Using Patient Engagement Tools to Create PCMHs

June 24, 2013
To help meet meaningful use and create patient-centered medical homes (PCMHs), Mid-Atlantic Community Health Center Association (MACHC), based in Lanham, Md., decided to support offer patient outreach software from the Dallas-based Phytel to its 19 members. MACHC, a nonprofit membership organization and the primary care association for Maryland and Delaware, provides healthcare to medically underserved and uninsured patients. One of MACHC’s main directives is to provide cutting edge tools for its member organizations to help them build PCMHs.

To help meet meaningful use and create patient-centered medical homes (PCMHs), Mid-Atlantic Community Health Center Association (MACHC), based in Lanham, Md., decided to support offer patient outreach software from the Dallas-based Phytel to its 19 members.

MACHC, a nonprofit membership organization and the primary care association for Maryland and Delaware, provides healthcare to medically underserved and uninsured patients.

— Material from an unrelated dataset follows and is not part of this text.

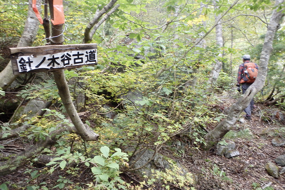 針ノ木谷の古道が復活されたのは平から船窪分岐までなので、船窪分岐より上流部は道がさらに不明瞭になります。

One of MACHC’s main directives is to provide cutting edge tools for its member organizations to help them build PCMHs.

“With the marketplace shifting toward patient-centered medical homes and moving towards implementation of meaningful use, and also with the shift towards population management, we recognize that only implementing EMRs systems was not going to be enough,” says Miguel McInnis, CEO of MACHC.”

In light of today’s stretched economy and the increased number of insured patients, McInnis says that MACHC has to be very creative to expand care with limited resources and to offer members products that will make an impact. The patient outreach software allows the organization to reach out and reconnect with patients via telephone and recommend preventive or chronic care they need, including recommended visits, tests, procedures or follow-up care, and allows tracking and reporting of results of outreach efforts.

Baltimore Medical System (BMS), which operates six community health centers and six freestanding school based clinics, was the first to implement the patient engagement tool in March 2008. BMS first piloted the software with a few doctors to test the system, and chose to use the tool for all patient populations and all disease categories.

Jay Wolvovsky, CEO, BMS, says the software is very useful when interfaced with the organization’s EMR (BMS has an enterprise EMR system from the Chicago-based Allscripts) that allows clinicians to see how compliant their patients are with follow-up care and what interventions are still needed. Wolvovsky notes that reengaging with patients is a useful public relations and marketing tool to show patients that their healthcare is the primary focus. “It gave us a real head start with patient-centered medical home and also on meaningful use,” Wolvovsky says. “It started us down the road to setting up the kind of communication processes that we would want to have with our patients.”

Wolvovsky admits there were some integration issues early on, where data wasn’t pulling from the right places, but that was quickly fine tuned. He says BMS hopes to use e-mail engagement later this year, and hopefully text messaging in the future.

BMS’ has seen a seven-fold return on investment with the increased number of patient visits that this product has helped generate, and he also notes that more patients are compliant with their disease management.

The patient engagement tool is one of the many tools MACHC employs to educate health centers. The organization relies on sub committees like its clinical quality committee or its CFO committee to encourage health IT adoption via new tools, best practices, webinars, and case studies.

In July, four MACHC member organizations will be among 50 practices to take part in the three-year patient-centered medical home pilot sponsored by Maryland. Carriers like Aetna, Carefirst, Cigna, Coventry, UHC, and Medicaid managed care organizations will provide fixed payments to practices that attest to meeting National Committee for Quality Assurance (NCQA) criteria. “Our intent out of this process at the end of the day is that with the impending implementation of exchanges in both Maryland and Delaware, these tool sets we believe are going to be paramount in organizations being able to demonstrate the value in the marketplace,” McInnis says.

“We can’t rely on the federal government for everything,” McInnis adds. “We recognize that there are creative, innovative partnerships like the one we formed with Phytel that make sense to help advance our health centers and our stature within our marketplace. Our strategy over the next five years is to help support our health centers in expanding access to more people, drive down the cost curve, and add value to the broader marketplace.”